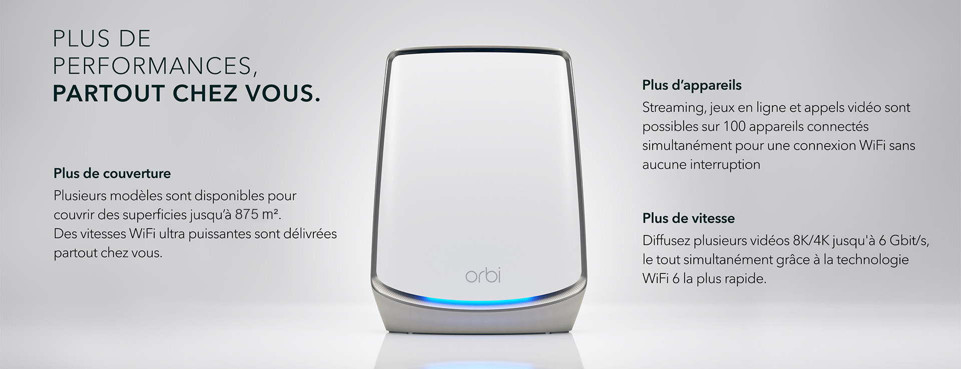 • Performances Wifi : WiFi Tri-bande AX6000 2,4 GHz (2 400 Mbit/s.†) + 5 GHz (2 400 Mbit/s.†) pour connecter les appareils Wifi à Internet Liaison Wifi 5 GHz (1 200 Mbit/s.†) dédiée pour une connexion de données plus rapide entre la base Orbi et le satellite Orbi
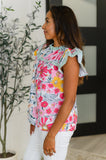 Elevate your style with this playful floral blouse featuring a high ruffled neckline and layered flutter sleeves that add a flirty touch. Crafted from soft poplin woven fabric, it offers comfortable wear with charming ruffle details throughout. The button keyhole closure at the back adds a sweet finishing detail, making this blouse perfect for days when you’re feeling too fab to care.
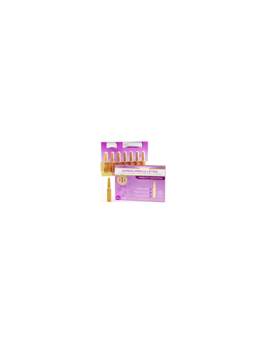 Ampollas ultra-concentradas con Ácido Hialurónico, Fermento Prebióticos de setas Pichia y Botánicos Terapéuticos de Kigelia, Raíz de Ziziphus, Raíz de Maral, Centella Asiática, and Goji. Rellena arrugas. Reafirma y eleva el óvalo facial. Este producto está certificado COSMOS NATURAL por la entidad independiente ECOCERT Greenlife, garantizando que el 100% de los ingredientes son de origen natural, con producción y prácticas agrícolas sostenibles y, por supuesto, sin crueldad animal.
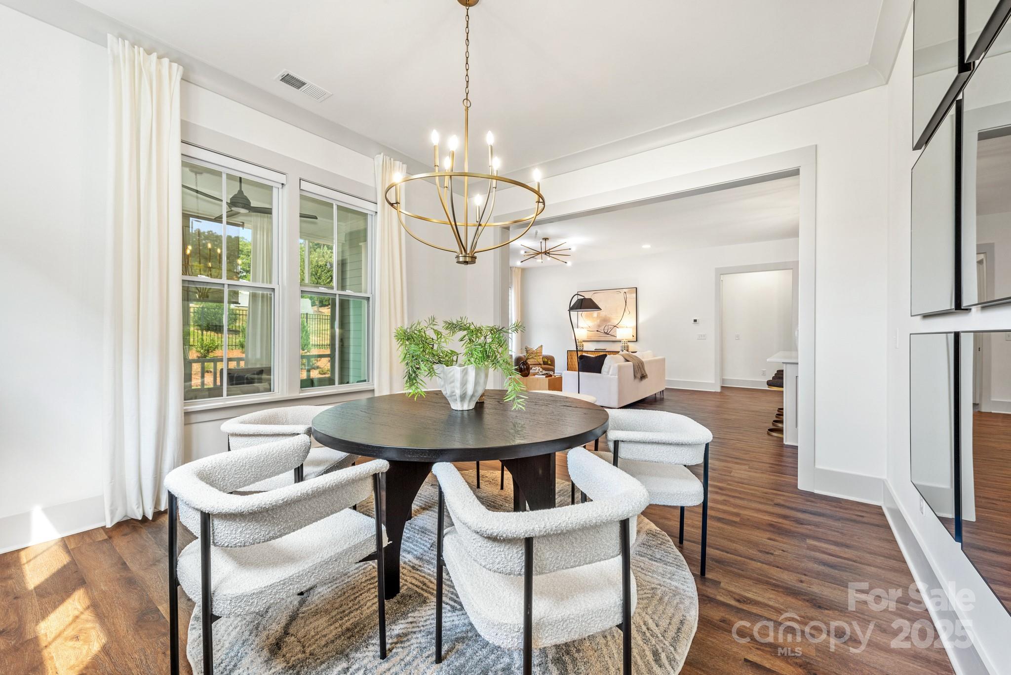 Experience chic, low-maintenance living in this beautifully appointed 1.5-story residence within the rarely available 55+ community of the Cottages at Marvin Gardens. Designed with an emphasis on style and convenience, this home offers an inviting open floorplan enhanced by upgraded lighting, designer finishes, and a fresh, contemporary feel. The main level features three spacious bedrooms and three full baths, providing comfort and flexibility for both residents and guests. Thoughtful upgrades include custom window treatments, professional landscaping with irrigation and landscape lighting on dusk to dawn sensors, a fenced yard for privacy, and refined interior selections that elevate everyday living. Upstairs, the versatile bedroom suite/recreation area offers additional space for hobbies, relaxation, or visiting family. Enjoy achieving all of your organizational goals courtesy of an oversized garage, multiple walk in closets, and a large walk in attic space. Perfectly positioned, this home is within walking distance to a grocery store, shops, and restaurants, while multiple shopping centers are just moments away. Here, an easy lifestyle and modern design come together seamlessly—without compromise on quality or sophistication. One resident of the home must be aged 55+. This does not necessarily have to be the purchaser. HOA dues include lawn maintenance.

Requirement. Exactly as they stand, set down the lines from the start of the material through the line with "Elevate your style", both ends included, omitting the pictures.

Solution for this task.
 • Performances Wifi : WiFi Tri-bande AX6000 2,4 GHz (2 400 Mbit/s.†) + 5 GHz (2 400 Mbit/s.†) pour connecter les appareils Wifi à Internet Liaison Wifi 5 GHz (1 200 Mbit/s.†) dédiée pour une connexion de données plus rapide entre la base Orbi et le satellite Orbi
 Elevate your style with this playful floral blouse featuring a high ruffled neckline and layered flutter sleeves that add a flirty touch. Crafted from soft poplin woven fabric, it offers comfortable wear with charming ruffle details throughout. The button keyhole closure at the back adds a sweet finishing detail, making this blouse perfect for days when you’re feeling too fab to care.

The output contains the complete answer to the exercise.